Clinton camp sees swift end to Democratic race
WASHINGTON (AFP) — Hillary Clinton's campaign predicted Thursday a rapid end to the Democratic White House race next month as the press read the last rites to her quest to be the first woman president.
With more party elders drifting to Barack Obama's camp and the media declaring the nominating battle all but over, Clinton aides battled back with appeals for voters to be heard and for new donors to come forward.
Even as he vowed no surrender from the former first lady, Clinton campaign chairman Terry McAuliffe said party bosses known as "superdelegates" would coalesce behind a candidate once the final primaries are held on June 3.
"I think it will be all over. I don't see it going to the (August) convention. We'll have a nominee in June," the legendary fundraiser said on NBC television.
"We've all said we'll be together at the end. If Hillary doesn't win, Hillary, president (Bill) Clinton, myself, we'll be over there helping Senator Obama," McAuliffe added.
"And, likewise, Senator Obama will come together to help Hillary if she's the nominee. We'll all be together."
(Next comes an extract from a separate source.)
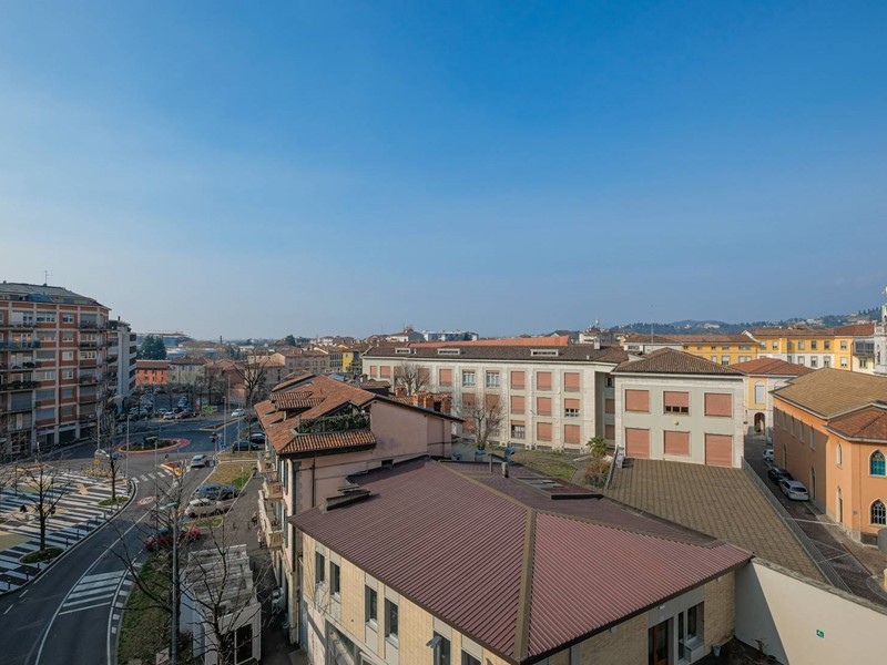 Piano quinto di sei, servito da ascensore, senza barriere architettoniche. Due terrazzi, esposti a ovest, con splendida vista su Città Alta e un balcone a est.

Obama held a private meeting with several undeclared Democratic "superdelegates" in Washington, before rejoining the campaign trial in Oregon over the next two days.
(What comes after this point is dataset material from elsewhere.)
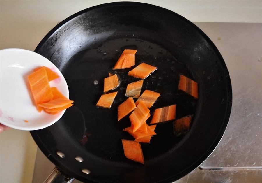2. 熱鍋涼油, 將胡蘿卜片放進鍋中翻炒幾下,這樣更利于胡蘿卜素的吸收;

"I think our goal is going to be to try to bring this party together as soon as possible, but we still have contests remaining," the Illinois senator told reporters.
"And so in no way am I taking this for granted. We're going to have to keep on working."
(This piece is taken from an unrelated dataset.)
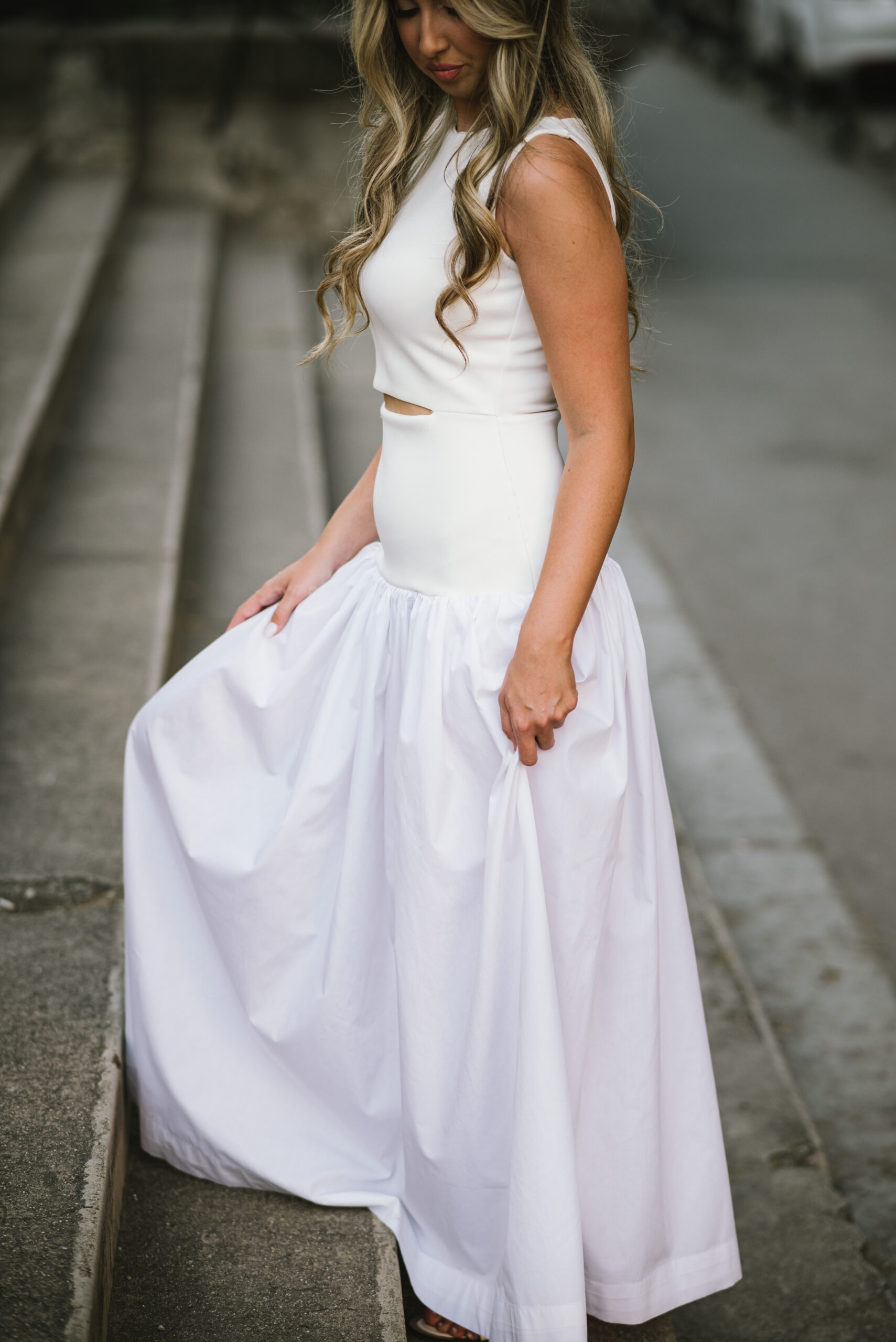 Gornji deo je krojen uz telo kako bi naglasio siluetu, dok duga suknja od laganog materijala nežno pada i prati svaki pokret.

McAuliffe pinned her campaign's hopes on edging ahead in the national popular vote, if the voided results of primaries in Michigan and Florida are reinstated at a May 31 meeting of the Democratic National Committee.
"She's proven she can win the blue-collar workers. She can win the states we need to win in the general election," he said.
"But why should Hillary Clinton -- until there's a nominee with the number of necessary delegates, why should she get out?"
Obama's thumping win Tuesday in North Carolina, and his narrow defeat by Clinton in Indiana, has rewritten the narrative of this gripping Democratic contest.
But Clinton herself was back in campaign harness with a full slate of campaign stops in West Virginia, South Dakota and Oregon, a day after declaring: "I am staying in this race until there is a nominee."
Editorialists, however, crowned Obama as the Democrats' champion-elect for the November election against Republican John McCain.
"And the winner is..." said Time magazine on its cover, over a photograph of Obama with a million-watt smile. "Over the Hill," blared the front page of the New York Post.
In an editorial, The Washington Post said that after the New York senator's "disappointing showing Tuesday, she has no plausible route to victory." The Los Angeles Times opined: "She has run a fine race, but she has lost."
Clinton has been forced to lend her campaign 6.4 million dollars over the past month to keep it afloat, and aides have not proclaimed any bumper take of fundraising since Tuesday, unlike after previous primaries.
In an appeal to donors, Bill Clinton wrote: "I know something about coming back to win after you've been counted out. So does Hillary.
"It's up to us to make sure that the voters in West Virginia and the other states yet to come are given a choice. I urge you to act now to help Hillary keep fighting."
Meanwhile Obama, who would be the first black nominee of a major US party, has been winning over more of the superdelegates -- nearly 800 Democratic grandees who look set to decide the nomination.
Four more have come off the fence since Tuesday to back Obama and the Democrats' 1972 presidential nominee, George McGovern, has also deserted Clinton.
David Bonior, who was the national campaign manager for failed presidential hopeful John Edwards, became the latest Democrat to join the Obama camp.
Former president Jimmy Carter remains formally neutral but on "The Tonight Show" with comedian Jay Leno late Wednesday, he dropped another heavy hint in favor of Obama.
For Democratic insiders to strip the nomination from the candidate with the most votes and states would be a "catastrophe" for the party, Carter said, while also dismissing Clinton's attempts to reinstate Florida and Michigan.